Friday, June 09, 2006

The Foreignness of Evil

“Virtue is not the absence of vices or the avoidance of moral dangers; virtue is a vivid and separate thing, like pain or a particular smell. Mercy does not mean not being cruel or sparing people revenge or punishment; it means a plain and positive thing like the sun, which one has either seen or not seen. Chastity does not mean abstention from sexual wrong; it means something flaming, like Joan of Arc.”


I once gave a group of high school juniors and seniors a writing assignment in which they had to respond to this quote from G.K. Chesterton’s essay, “A Piece of Chalk” by expounding on a specific example of acute, powerful goodness—overwhelming goodness that has the power, as Eleonore Stump says, to crack our heart open in contrast to the power of evil to close our hearts in defensive hardness.

Several students came up with great examples, the most salient to me being the story of two starving child brothers somewhere in Africa. Though both were emaciated, one was stronger than the other. Once he acquired food, the stronger one would put the food in his mouth, chew it for his brother who was too weak to do so, then put it in the brother’s mouth for him to swallow. Eventually the stronger brother died of starvation, but the weaker was nursed to health and lived because of his brothers loving sacrifice. (Sorry I can’t cite the specific time and location of this. It’s a fairly well-known story. I’d appreciate it if someone who knows would post the details on the comment board).

One particular student, however, wrote an essay explaining how she could not think of any examples of the type of acute, powerful goodness Chesterton and Stump describe, and this struck me as a very enlightening response.

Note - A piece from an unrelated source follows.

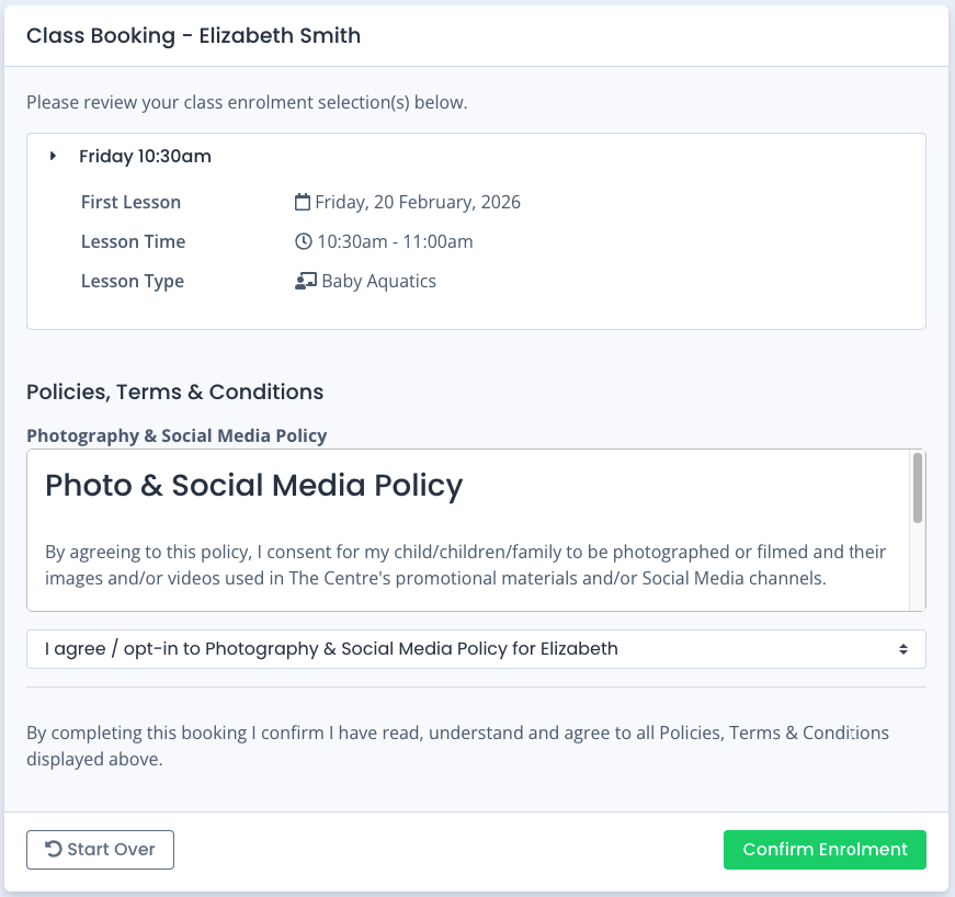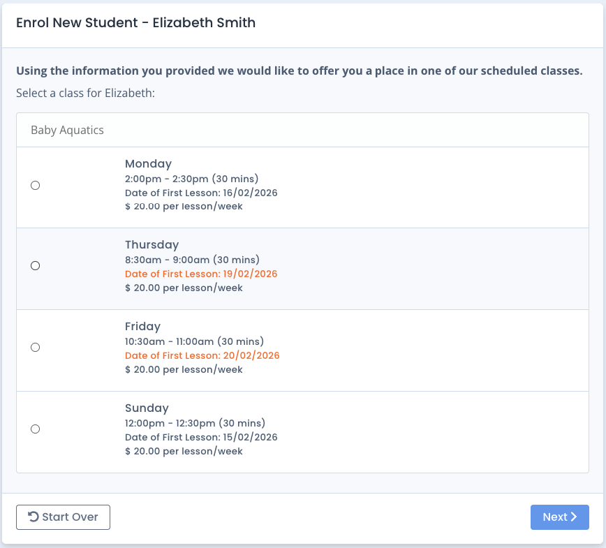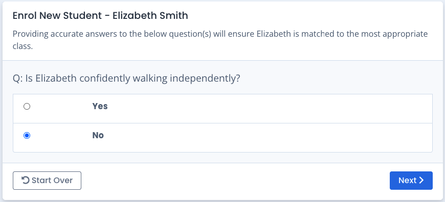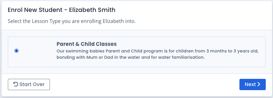 The family would follow the configured questions (if any) on the selected enrolment type to find available bookings.
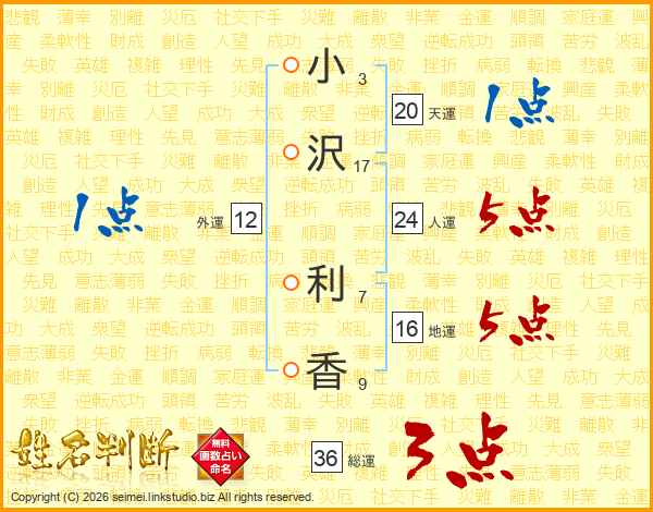 小(3画)沢(17画) 利(7画)香(9画)

It may seem grandly pessimistic at first for one to say she simply can’t think of any examples of goodness that could be on the same magnitude as the great evils in the world (the class had been reading literature of the Holocaust), and no doubt the piercing, white-hot type of goodness makes an eternal impression on us, but I think this seemingly pesimistic response reveals something very fundamental about our nature—at least our ideal nature—as human beings. It is true we often don’t notice kindness and courtesy as much as we do unkindness and evil. Imagine two scenarios: In the first, two people are walking—one several feet in front of the other—across a school campus. The first trips, falls to the ground and scatters her papers and folders. The one behind rushes up, asks if she’s alright, and helps her gather the papers. In the second, the fall and paper scattering happen just the same, but the person behind pays no attention and then even brushes the bottom of his shoe against the fallen woman’s head as he steps over her continuing on his way. Which of these two scenarios would get more attention from others on campus? Which would generate more comments about the behavior? In short, which would be most noticeable? The second, of course. The hard-hearted, inconsiderate act is the one which would impact people more, probably the one they would remember longest, by far.

Some might be tempted to say this is so because our tabloid hearts just naturally like to see bad things and hear bad news because it’s sensational. There’s certainly some truth to that, but I believe there is something more indicative and positive about human nature to be seen. Perhaps we don’t give as much attention to acts of kindness as we do acts of meanness because kindness is expected as a norm. We don’t make as big a deal out of one person going out of his way to help another as we do a person going out of his way to hurt another, because hurting is such an anomaly to human nature, or at least what should be an anomaly.

One might argue that this is all pie in the sky—that the reason why we notice evil so much is that there is so much evil to notice. But this only reinforces my point. If it’s true that evil makes the news because the world is so full of it, why then would it still be news? No matter how common evil becomes, it never becomes “normal.” Might this be because we were created to be good, and thus no matter our surroundings, nothing else will ever quite seem normal? You can take mankind out of the garden, but you can’t take the garden out of mankind!